Durante uma fiscalização realizada no dia 16 de maio, Moura retirou um cartaz do Sindicato Municipal dos Profissionais em Ensino do Recife (Simpere) que exibia a frase “por uma educação antirracista”. O parlamentar justificou a ação com base em sua defesa da ideologia de escola sem partido, alegando que o material representava doutrinação ideológica de esquerda.
O caso gerou reação imediata do Simpere e de vereadores da Câmara Municipal, que classificaram a ação como autoritária. Moura, por sua vez, é frequentemente criticado por transmissões ao vivo durante fiscalizações, acusadas de causar tumulto e expor servidores públicos.
No procedimento, o promotor Salomão Abdo Aziz Ismail Filho destaca a Lei de Diretrizes e Bases da Educação Nacional, que obriga o ensino da história e cultura afro-brasileira nas escolas públicas e privadas. Segundo a legislação, o conteúdo deve ser ministrado com respeito à liberdade e à tolerância.
O MPPE concedeu prazo de 20 dias para que as partes envolvidas se manifestem.

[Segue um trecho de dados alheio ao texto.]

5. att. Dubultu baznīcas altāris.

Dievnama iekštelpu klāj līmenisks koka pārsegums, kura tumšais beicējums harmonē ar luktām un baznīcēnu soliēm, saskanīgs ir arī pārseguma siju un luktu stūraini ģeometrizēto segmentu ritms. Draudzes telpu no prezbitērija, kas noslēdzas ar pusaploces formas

A promotoria também solicitou à Comissão de Educação da Câmara Municipal informações sobre possíveis investigações internas e sobre a legalidade da visita do vereador à unidade escolar.
Vereador nega irregularidade e diz que diretora autorizou retirada
Em nota, a assessoria de Eduardo Moura informou que o parlamentar não foi notificado oficialmente pelo MPPE sobre o procedimento. Ele afirma que a retirada do cartaz e de uma bandeira do sindicato foi feita “com comunicação imediata e permissão da diretora da escola”.

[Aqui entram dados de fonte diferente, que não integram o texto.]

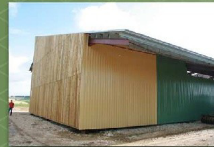
Bardage métallique vertical simple peau en façade Nord
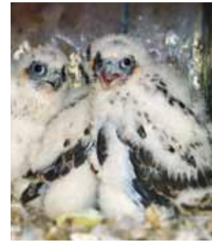
Gesichtet Falken nisten am Kraftwerk

Segundo a nota, a ação ocorreu “de forma pacífica, cordial, respeitosa e diplomática” e está respaldada pela legislação. A assessoria alega que a presença de material publicitário sindical em escolas é ilegal, citando a proibição de publicidade em ambientes escolares prevista na LDB (Lei n.º 9.394/1996).

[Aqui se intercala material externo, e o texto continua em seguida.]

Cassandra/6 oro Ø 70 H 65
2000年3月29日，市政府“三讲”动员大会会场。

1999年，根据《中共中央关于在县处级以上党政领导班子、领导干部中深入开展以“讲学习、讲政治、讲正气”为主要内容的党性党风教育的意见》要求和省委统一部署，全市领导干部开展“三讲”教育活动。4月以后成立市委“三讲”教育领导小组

O vereador argumenta que tanto a Constituição Federal quanto o Estatuto da Criança e do Adolescente (ECA) respaldam sua conduta, ao determinarem a proteção de crianças e adolescentes contra influências ideológicas e publicitárias em escolas.
“STF reconhece que o ambiente escolar não pode ser espaço para comunicação institucional ou mercadológica, dada a vulnerabilidade psicológica e cognitiva do público infantil”, afirma a nota.
Por fim, Eduardo declarou que “repudia veementemente qualquer forma de racismo” e que sua atuação parlamentar se baseia no “respeito às instituições democráticas”.